- Born: Marc Hollander
- Genres: Avant-rock, experimental
- Occupations: Musician, producer
- Instruments: Keyboards, clarinet, saxophone, percussion
- Years active: 1976–present

= Marc Hollander =

Belgian musician and producer

Marc Hollander is a Belgian musician, producer and creator of the independent record label, Crammed Discs.

Hollander is the leader of the Belgian avant-rock group Aksak Maboul, which he founded in 1977 with Vincent Kenis. Aksak Maboul first released two albums, Onze Danses Pour Combattre la Migraine (1977) and Un Peu de l'Âme des Bandits (1980), went on a long hiatus, and was revived in 2015. Hollander joined Art Bears for their European tour in 1979, and was a member of The Honeymoon Killers and Cos. Hollander has also collaborated with a number of musicians, including Fred Frith and Chris Cutler.

In 1980 Hollander founded Crammed Discs, which he still actively runs, while acting as the label's artistic director. With Crammed, he has discovered, launched and/or developed the careers of artists such as Bebel Gilberto, Zap Mama, Konono Nº1, Kasai Allstars, Cibelle, Taraf de Haïdouks, Tuxedomoon, Bel Canto, Minimal Compact, Hector Zazou, Sussan Deyhim, Snooze/Dominique Dalcan, DJ Morpheus, Suba, Zuco 103, Celso Fonseca, Kočani Orkestar, Mahala Rai Banda, Balkan Beat Box, Shantel, Lonely Drifter Karen, Staff Benda Bilili, Maïa Vidal, SKIP&DIE, Yasmine Hamdan, Juana Molina, Acid Arab and others.

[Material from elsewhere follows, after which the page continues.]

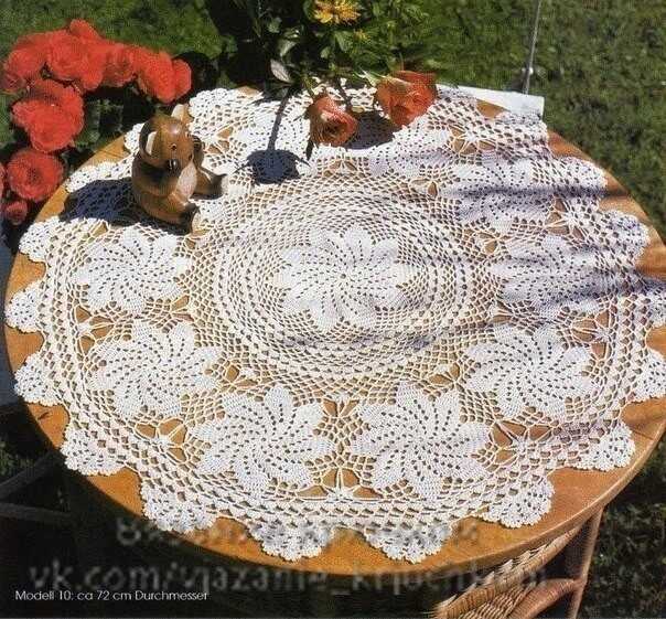 Весенняя круглая скатерть с настроением круговорота приятных дел: лепестки цветов словно закручены в радостном танце.
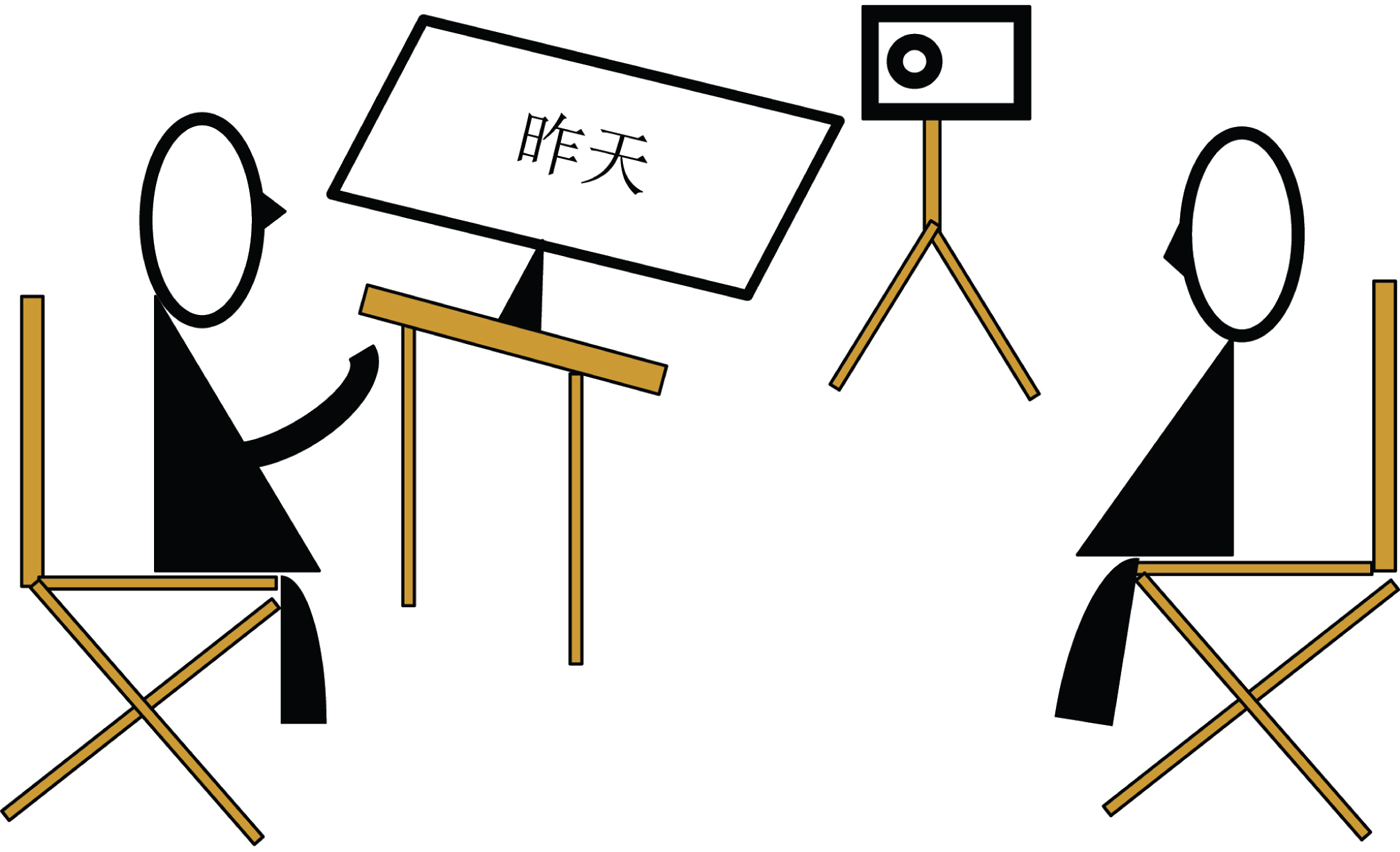 It has been shown that Mandarin speakers make gestures on different axes in space to represent time. First, similar to English speakers, Chinese people most often produce lateral temporal gestures, with the past on the left and the future on the right side. However, different from most Westerners, Chinese can exploit a vertical axis as well to gesture about time, as they tend to spontaneously point upwards for the time conception of “last week” and downwards for “next week” (Gu et al., Reference Gu, Mol, Hoetjes and Swerts2017).

In 2014, Crammed Discs released Ex-Futur Album, under the name Véronique Vincent & Aksak Maboul. It is the unfinished album which was meant to become the third Aksak Maboul album, and had been written and recorded by Hollander and Honeymoon Killers vocalist Vincent between 1980 and 1983. It was shelved for over 30 years, and assembled and revamped by Hollander in 2014. Following the positive reception of Ex-Futur Album, Marc Hollander and Véronique Vincent formed a new live line-up of Aksak Maboul in 2015, and performed dozens of concerts around Europe.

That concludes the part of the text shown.